Assigned task:
Below is a block of data; give all of it again word for word.

Supplied data:
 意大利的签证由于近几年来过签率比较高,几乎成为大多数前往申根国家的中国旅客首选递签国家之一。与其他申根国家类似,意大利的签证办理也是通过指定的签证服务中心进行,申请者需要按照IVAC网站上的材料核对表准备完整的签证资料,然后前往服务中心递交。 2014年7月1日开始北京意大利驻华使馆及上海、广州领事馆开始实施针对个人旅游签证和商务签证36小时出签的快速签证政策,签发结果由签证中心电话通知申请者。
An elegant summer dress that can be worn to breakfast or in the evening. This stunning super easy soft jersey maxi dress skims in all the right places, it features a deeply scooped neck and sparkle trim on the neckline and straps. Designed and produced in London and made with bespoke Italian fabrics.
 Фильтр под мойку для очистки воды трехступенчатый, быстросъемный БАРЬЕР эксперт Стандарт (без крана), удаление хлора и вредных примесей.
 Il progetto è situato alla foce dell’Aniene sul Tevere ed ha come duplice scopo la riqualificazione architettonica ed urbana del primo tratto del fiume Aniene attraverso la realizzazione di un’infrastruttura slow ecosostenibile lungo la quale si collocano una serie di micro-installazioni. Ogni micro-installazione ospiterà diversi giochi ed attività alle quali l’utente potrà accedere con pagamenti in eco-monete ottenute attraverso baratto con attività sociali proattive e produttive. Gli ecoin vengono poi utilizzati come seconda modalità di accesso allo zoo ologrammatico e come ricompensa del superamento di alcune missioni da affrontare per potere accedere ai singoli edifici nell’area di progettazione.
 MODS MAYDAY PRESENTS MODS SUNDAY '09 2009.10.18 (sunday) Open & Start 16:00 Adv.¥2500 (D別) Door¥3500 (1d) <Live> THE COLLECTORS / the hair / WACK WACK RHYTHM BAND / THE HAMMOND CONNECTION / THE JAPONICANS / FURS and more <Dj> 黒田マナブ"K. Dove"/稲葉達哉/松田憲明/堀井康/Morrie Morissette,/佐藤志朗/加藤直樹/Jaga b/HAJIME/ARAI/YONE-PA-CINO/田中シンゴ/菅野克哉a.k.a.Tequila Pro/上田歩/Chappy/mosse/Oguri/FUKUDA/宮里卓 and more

Answer for the task:
 意大利的签证由于近几年来过签率比较高,几乎成为大多数前往申根国家的中国旅客首选递签国家之一。与其他申根国家类似,意大利的签证办理也是通过指定的签证服务中心进行,申请者需要按照IVAC网站上的材料核对表准备完整的签证资料,然后前往服务中心递交。 2014年7月1日开始北京意大利驻华使馆及上海、广州领事馆开始实施针对个人旅游签证和商务签证36小时出签的快速签证政策,签发结果由签证中心电话通知申请者。
An elegant summer dress that can be worn to breakfast or in the evening. This stunning super easy soft jersey maxi dress skims in all the right places, it features a deeply scooped neck and sparkle trim on the neckline and straps. Designed and produced in London and made with bespoke Italian fabrics.
 Фильтр под мойку для очистки воды трехступенчатый, быстросъемный БАРЬЕР эксперт Стандарт (без крана), удаление хлора и вредных примесей.
 Il progetto è situato alla foce dell’Aniene sul Tevere ed ha come duplice scopo la riqualificazione architettonica ed urbana del primo tratto del fiume Aniene attraverso la realizzazione di un’infrastruttura slow ecosostenibile lungo la quale si collocano una serie di micro-installazioni. Ogni micro-installazione ospiterà diversi giochi ed attività alle quali l’utente potrà accedere con pagamenti in eco-monete ottenute attraverso baratto con attività sociali proattive e produttive. Gli ecoin vengono poi utilizzati come seconda modalità di accesso allo zoo ologrammatico e come ricompensa del superamento di alcune missioni da affrontare per potere accedere ai singoli edifici nell’area di progettazione.
 MODS MAYDAY PRESENTS MODS SUNDAY '09 2009.10.18 (sunday) Open & Start 16:00 Adv.¥2500 (D別) Door¥3500 (1d) <Live> THE COLLECTORS / the hair / WACK WACK RHYTHM BAND / THE HAMMOND CONNECTION / THE JAPONICANS / FURS and more <Dj> 黒田マナブ"K. Dove"/稲葉達哉/松田憲明/堀井康/Morrie Morissette,/佐藤志朗/加藤直樹/Jaga b/HAJIME/ARAI/YONE-PA-CINO/田中シンゴ/菅野克哉a.k.a.Tequila Pro/上田歩/Chappy/mosse/Oguri/FUKUDA/宮里卓 and more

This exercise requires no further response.